■ Directions for this task ■
Please set down each of the lines below once more, exactly, omitting all pictures.

■ Data ■
================================
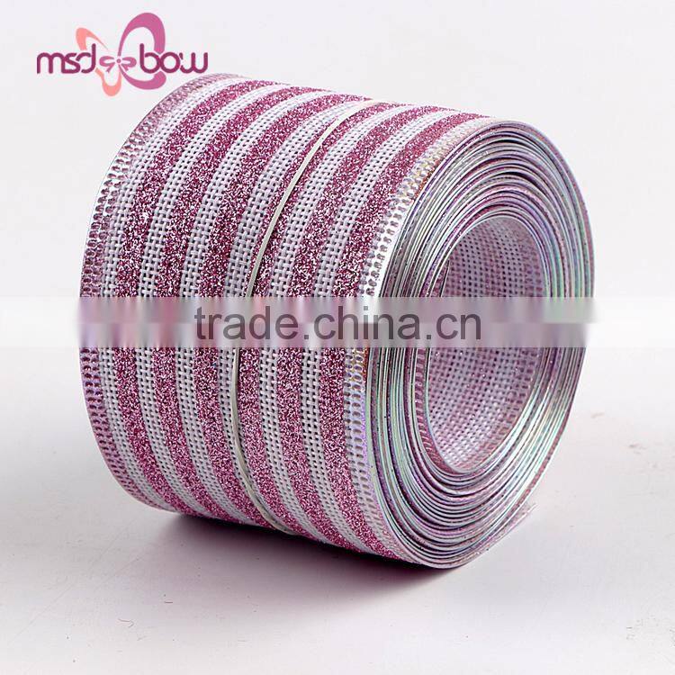 Personalized 2 Inch 50mm Pink Color Jute Burlap Glitter Ribbon
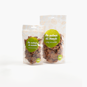 Nous proposons des sachets doypack fabriqués à partir de plastique durable facilement recyclable. Ce matériau offre une excellente protection contre l’oxygène et l’humidité. Faites votre choix parmi des finitions mate, glacée ou soft touch et optez pour celle qui convient le mieux à vos produits. Nos sachets sont toujours dotés d’une encoche d’ouverture pour les ouvrir facilement. Vous pouvez également ajouter des détails supplémentaires, comme des zips refermables pour une utilisation à multiples reprises ou des trous de suspension pour les présenter en magasin.Commencez la personnalisation ou optez pour des échantillons
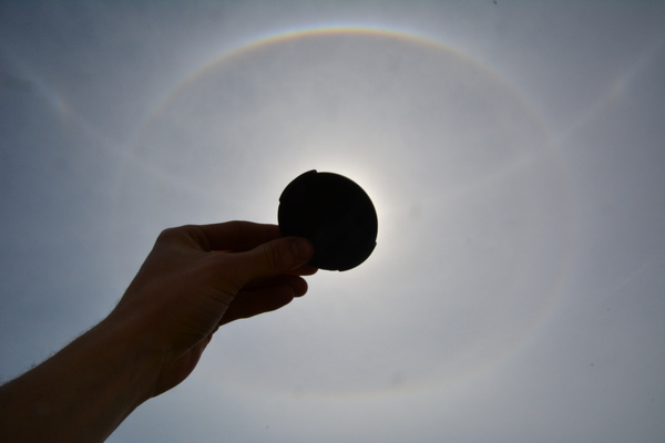 Anders als mit der Kamera festgehalten, waren die Halos alle noch ein Stück heller. Zeitpunkt der Aufnahme 09.17 Uhr:
================================
■ Answer to this exercise ■
 Personalized 2 Inch 50mm Pink Color Jute Burlap Glitter Ribbon
 Nous proposons des sachets doypack fabriqués à partir de plastique durable facilement recyclable. Ce matériau offre une excellente protection contre l’oxygène et l’humidité. Faites votre choix parmi des finitions mate, glacée ou soft touch et optez pour celle qui convient le mieux à vos produits. Nos sachets sont toujours dotés d’une encoche d’ouverture pour les ouvrir facilement. Vous pouvez également ajouter des détails supplémentaires, comme des zips refermables pour une utilisation à multiples reprises ou des trous de suspension pour les présenter en magasin.Commencez la personnalisation ou optez pour des échantillons
 Anders als mit der Kamera festgehalten, waren die Halos alle noch ein Stück heller. Zeitpunkt der Aufnahme 09.17 Uhr:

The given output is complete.